About this exercise – Transcribe the following entries letter for letter, without the pictures.
--- START ---
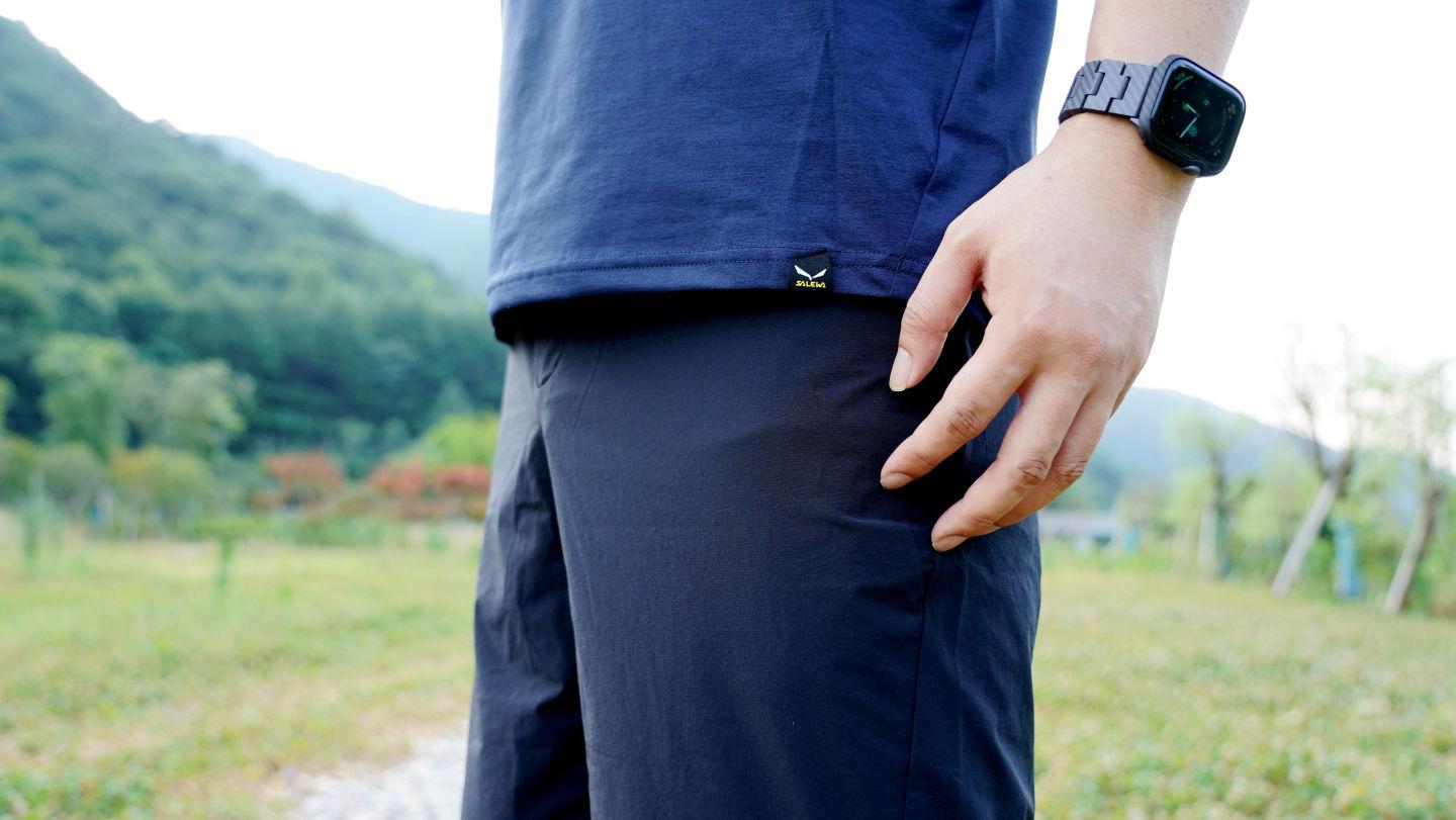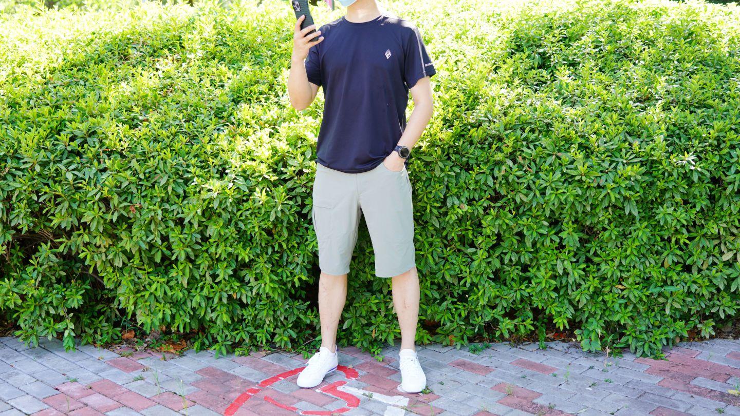 接着聊聊短裤,这是一条登山或者休闲都可以穿着的裤子,采用了东丽的防泼透气面料,和T恤一样,具有透气快干功能。
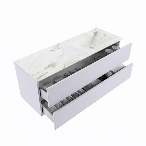 MONDIAZ VICA-DLUX Badkamermeubelset - 130cm - onderkast cale- 2 lades - inbouw wastafel cloud rechts - zonder kraangaten - 60cm hoge versie - frape
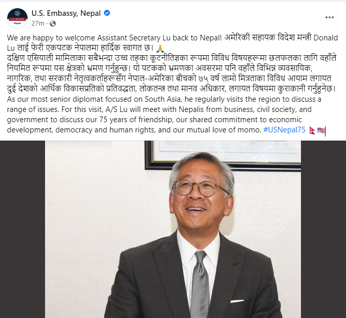 Informing about the arrival of Lu, the US Embassy said on its Facebook page that Assistant Secretary Lu will hold meetings with the business community, civil society, and government officials during his stay in Nepal.
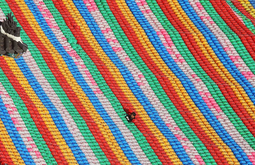Рабочий устанавливает цветные бумажные фонари в храме Чогеса, Сеул, в преддверии дня рождения Будды, которое будут отмечать 12 мая Фотография: Ahn Young-joon / AP
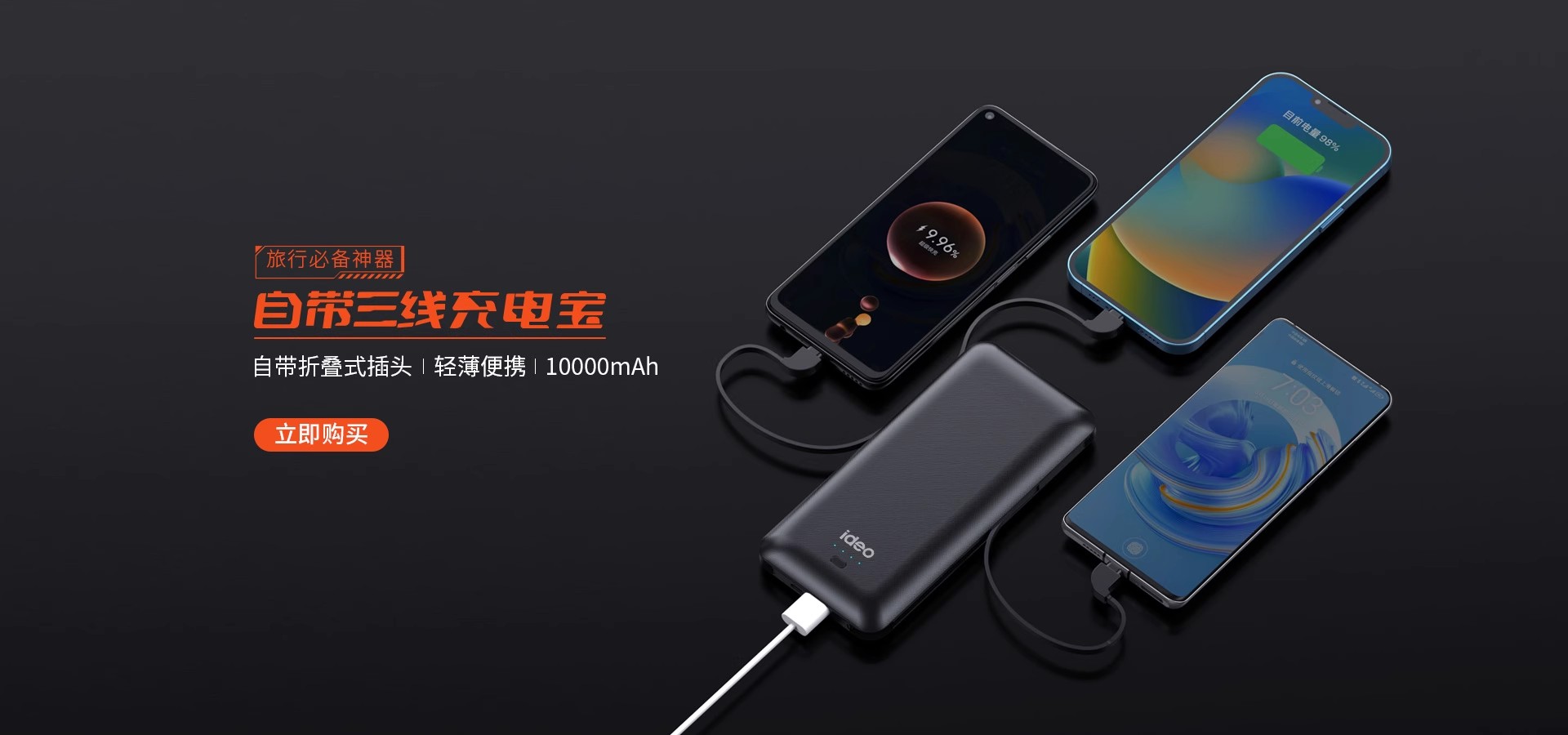 ideo充电宝自带线三合一带插头便携10000毫安大容量自带数据线移动电源快充适用苹果华为typec
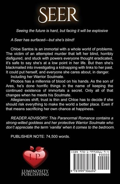 Seeing the future is hard, but facing it will be explosive A Seer has surfaced-but she's blind! Chloe Santos is an immortal with a whole world of problems. The victim of an attempted murder that left her blind, horribly disfigured, and stuck with powers everyone thought eradicated, it's safe to say she's at a low point in her life. But then she's blackmailed into investigating a kidnapping with links to her past. It could put herself, and everyone she cares about, in danger. Including her Warrior Soulmate. Phobos has a millennia of blood on his hands. As the son of Ares, he's done horrific things in the name of keeping the continued existence of immortals a secret. Only all of that changes when he meets his Soulmate. Allegiances shift, trust is thin and Chloe has to decide if she should risk everything to make the world a better place. Even if that means sacrificing her own chance at happiness. READER ADVISORY: This Paranormal Romance contains a strong-willed goddess and her protective Warrior Soulmate who don't appreciate the term 'vanilla' when it comes to the bedroom. PUBLISHER NOTE: 74,500 words.
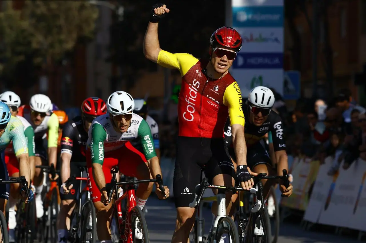 A questo punto, non c'è più terreno per fare la differenza: andatura sostenuta nell'ultimo tratto in discesa che precede il gran finale. Soudal-Quick Step e Lidl-Trek scortano il gruppo fino agli ultimi 500 metri. A metà della rampa finale, entra in azione l'eritreo Biniam Girmay (Intermarché-Wanty): il suo spunto, però, non è quello buono. Alla sua sinistra avanzano nell'ordine i belgi Arnaud De Lie (Lotto), Wout van Aert (Visma) e Milan Fretin (Cofidis), seguiti a loro volta dall'italiano Alberto Dainese (Tudor) che, tuttavia, è costretto a defilarsi per un problema meccanico negli ultimi 200 metri. De Lie è ancora in testa ai 150 metri, ma il tempismo del velocista della Cofidis è perfetto: la rimonta dell'altro belga Jordi Meeus (Red Bull-BORA-Hansgrohe) e dell'italiano Filippo Ganna (INEOS Grenadiers) resta nel libro delle buone intenzioni. 2° successo stagionale (il 4° della carriera) per il 23enne fiammingo a pochi giorni dal blitz alla Clásica de Almería. Nella prima pagina della classifica anche l'altro azzurro Nicolò Buratti (Bahrain), 8°.
--- END ---
Written solution –
 接着聊聊短裤,这是一条登山或者休闲都可以穿着的裤子,采用了东丽的防泼透气面料,和T恤一样,具有透气快干功能。
 MONDIAZ VICA-DLUX Badkamermeubelset - 130cm - onderkast cale- 2 lades - inbouw wastafel cloud rechts - zonder kraangaten - 60cm hoge versie - frape
 Informing about the arrival of Lu, the US Embassy said on its Facebook page that Assistant Secretary Lu will hold meetings with the business community, civil society, and government officials during his stay in Nepal.
Рабочий устанавливает цветные бумажные фонари в храме Чогеса, Сеул, в преддверии дня рождения Будды, которое будут отмечать 12 мая Фотография: Ahn Young-joon / AP
 ideo充电宝自带线三合一带插头便携10000毫安大容量自带数据线移动电源快充适用苹果华为typec
 Seeing the future is hard, but facing it will be explosive A Seer has surfaced-but she's blind! Chloe Santos is an immortal with a whole world of problems. The victim of an attempted murder that left her blind, horribly disfigured, and stuck with powers everyone thought eradicated, it's safe to say she's at a low point in her life. But then she's blackmailed into investigating a kidnapping with links to her past. It could put herself, and everyone she cares about, in danger. Including her Warrior Soulmate. Phobos has a millennia of blood on his hands. As the son of Ares, he's done horrific things in the name of keeping the continued existence of immortals a secret. Only all of that changes when he meets his Soulmate. Allegiances shift, trust is thin and Chloe has to decide if she should risk everything to make the world a better place. Even if that means sacrificing her own chance at happiness. READER ADVISORY: This Paranormal Romance contains a strong-willed goddess and her protective Warrior Soulmate who don't appreciate the term 'vanilla' when it comes to the bedroom. PUBLISHER NOTE: 74,500 words.
 A questo punto, non c'è più terreno per fare la differenza: andatura sostenuta nell'ultimo tratto in discesa che precede il gran finale. Soudal-Quick Step e Lidl-Trek scortano il gruppo fino agli ultimi 500 metri. A metà della rampa finale, entra in azione l'eritreo Biniam Girmay (Intermarché-Wanty): il suo spunto, però, non è quello buono. Alla sua sinistra avanzano nell'ordine i belgi Arnaud De Lie (Lotto), Wout van Aert (Visma) e Milan Fretin (Cofidis), seguiti a loro volta dall'italiano Alberto Dainese (Tudor) che, tuttavia, è costretto a defilarsi per un problema meccanico negli ultimi 200 metri. De Lie è ancora in testa ai 150 metri, ma il tempismo del velocista della Cofidis è perfetto: la rimonta dell'altro belga Jordi Meeus (Red Bull-BORA-Hansgrohe) e dell'italiano Filippo Ganna (INEOS Grenadiers) resta nel libro delle buone intenzioni. 2° successo stagionale (il 4° della carriera) per il 23enne fiammingo a pochi giorni dal blitz alla Clásica de Almería. Nella prima pagina della classifica anche l'altro azzurro Nicolò Buratti (Bahrain), 8°.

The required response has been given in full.